[Data extracted from a collection]
'''

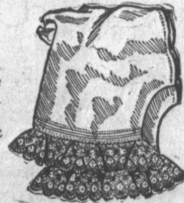
Muslin Drawers, Umbrella. Three clusters of tucks. Ruffle of Hamburg edge. 48c
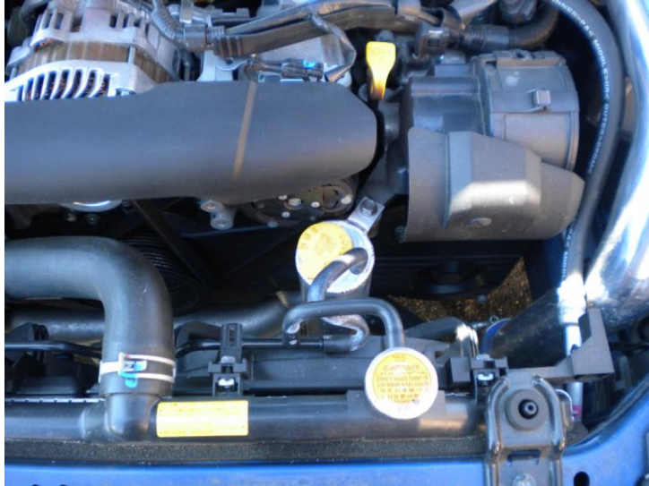
Illustration 9: Coolant Overflow Bottle Installed
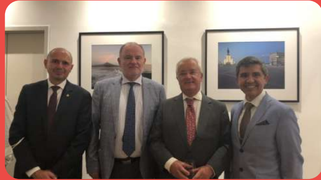
Ambassadors of Costa Rica, Colombia, Spain and Paraguay
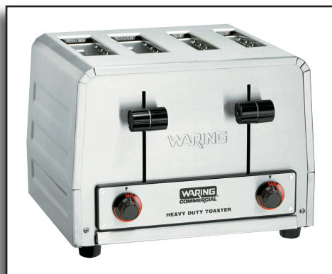
WCT810/WCT815/WCT815B Combination Toasters
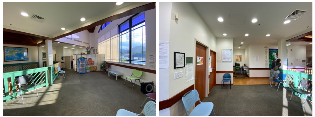
Judd Medical Clinic patient waiting area. Note the cold and worn carpeting. Furniture is minimal and uncomfortable. The secondary waiting area also lacks furniture and is unwelcoming.

2. To update furniture and cabinetry in the clinical areas, including ten examination rooms, so that providers and patients are accommodated safely during medical appointments and procedures. See photos below:
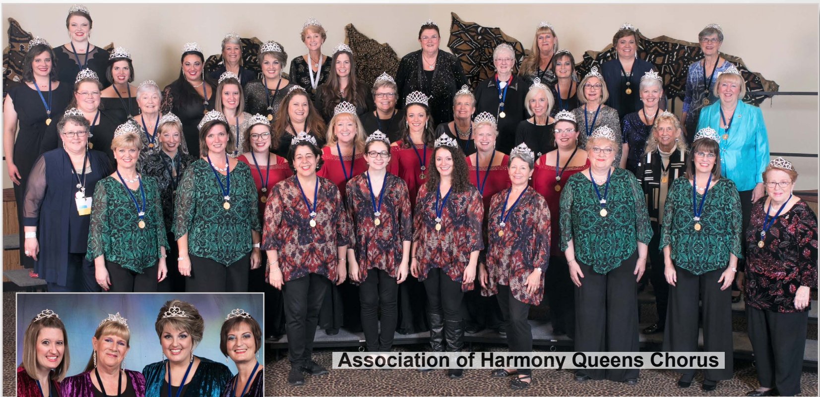
Association of Harmony Queens Chorus
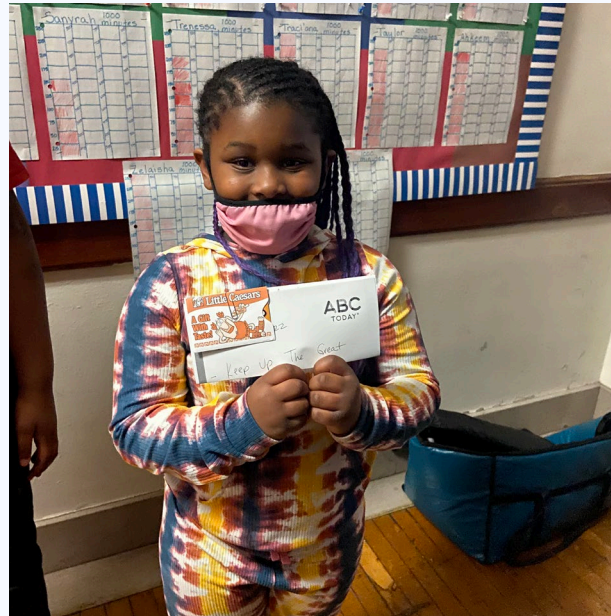
INDIVIDUAL STUDENT CELEBRATIONS
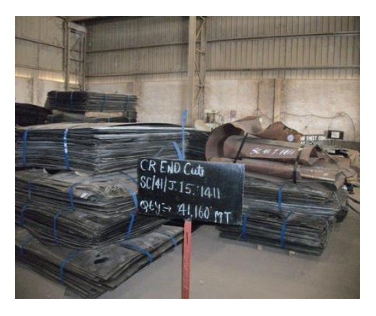
SC41J15 1411-Rej & Scrap CR END CUTS -41.160 M.T
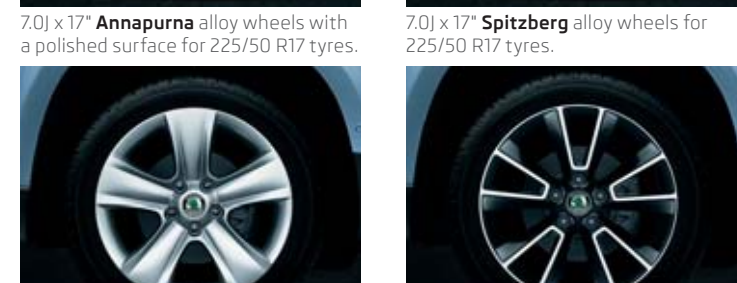
225/50 R17 tyres.
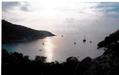
△Similan Island - yup - this is paradise

And the big ticket, the whale shark, who passed once, twice and back the next dive for more. It glided by me and I swam along with it under its belly, watching the remora fish cling and clean its side. On another pass I had to move out of the way to avoid its tail as it turned to venture off. Experiences that will stay with me and have likely raised my expectations for more dives to come! We were good-naturedly chastised by far more experienced divers who informed us it took them
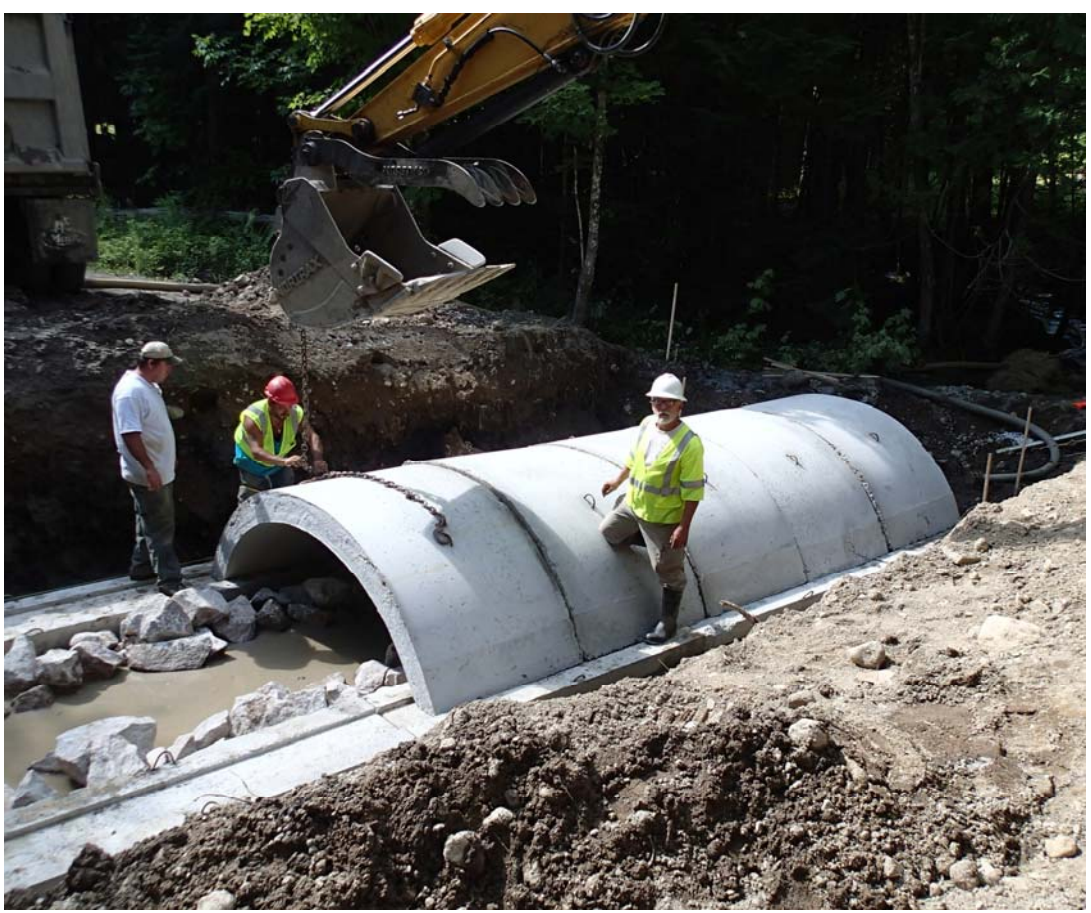
Assembling concrete arch culvert, July 30, 2013
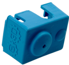
A sock for your E3D HotEnd €4,69

'''

- Task prompt -
Output the data exactly as it appears. The pictures do not belong in it.

- Expected answer -
Muslin Drawers, Umbrella. Three clusters of tucks. Ruffle of Hamburg edge. 48c
Illustration 9: Coolant Overflow Bottle Installed
Ambassadors of Costa Rica, Colombia, Spain and Paraguay
WCT810/WCT815/WCT815B Combination Toasters
Judd Medical Clinic patient waiting area. Note the cold and worn carpeting. Furniture is minimal and uncomfortable. The secondary waiting area also lacks furniture and is unwelcoming.

2. To update furniture and cabinetry in the clinical areas, including ten examination rooms, so that providers and patients are accommodated safely during medical appointments and procedures. See photos below:
Association of Harmony Queens Chorus
INDIVIDUAL STUDENT CELEBRATIONS
SC41J15 1411-Rej & Scrap CR END CUTS -41.160 M.T
225/50 R17 tyres.
△Similan Island - yup - this is paradise

And the big ticket, the whale shark, who passed once, twice and back the next dive for more. It glided by me and I swam along with it under its belly, watching the remora fish cling and clean its side. On another pass I had to move out of the way to avoid its tail as it turned to venture off. Experiences that will stay with me and have likely raised my expectations for more dives to come! We were good-naturedly chastised by far more experienced divers who informed us it took them
Assembling concrete arch culvert, July 30, 2013
A sock for your E3D HotEnd €4,69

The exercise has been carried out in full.